Distributed systems are all around us, providing the backbone of the computing infrastructure that we rely upon — think of the mesh of computing nodes connected by wireless and wireline networks of various kinds that help us get our financial transactions done in the blink of an eyelid, or those that get our web orders processed, or those that make sure the lights turn on when we flip the switch. A question that has faced us for some time is:
Can these distributed systems stay available continuously as well as reconfigure when things change, say when the workload changes or the user requirements change?
It is a nuanced story and traces its roots back to the days where live upgrades of single node computing systems, like Linux or Lucent’s 5ESS switch, were designed. We take this for granted today thanks to heroic design and implementation efforts. But live upgrades of distributed systems throw up a set of opportunities as well as challenges.
Why would we want to upgrade or reconfigure?

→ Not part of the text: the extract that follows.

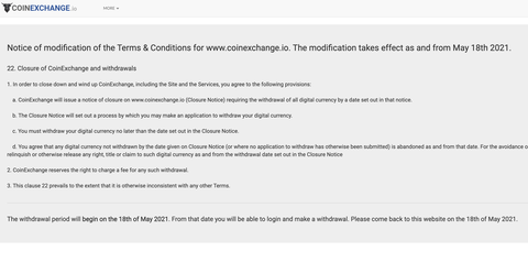 CoinExchange.ioは2018年以降の下落相場に影響され取引所を運営する業務コストが収入を大幅に上回っていたとして、事業体制の維持が難しくなった。2019年10月に事業撤退の方針を伝え、仮想通貨取引と入金を同年10月15日に終了させていた。

We would want to upgrade for the obvious reason that there is new software or new hardware that needs to be put in place. Such upgrades are relatively infrequent events. Much more of a challenge is how to handle reconfiguration that may be needed much more frequently. Reconfiguration may be needed if:
- The workload characteristics coming into the distributed system change, say, a set of sparse read operations are replaced by bursty writes to some hot files.
- The environment of the execution platform changes, say, a demanding set of co-located applications start up.
- The user requirements change, say the user demands a faster response or greater resilience to errors. This may happen in response to some perceived security attacks or cascading failures.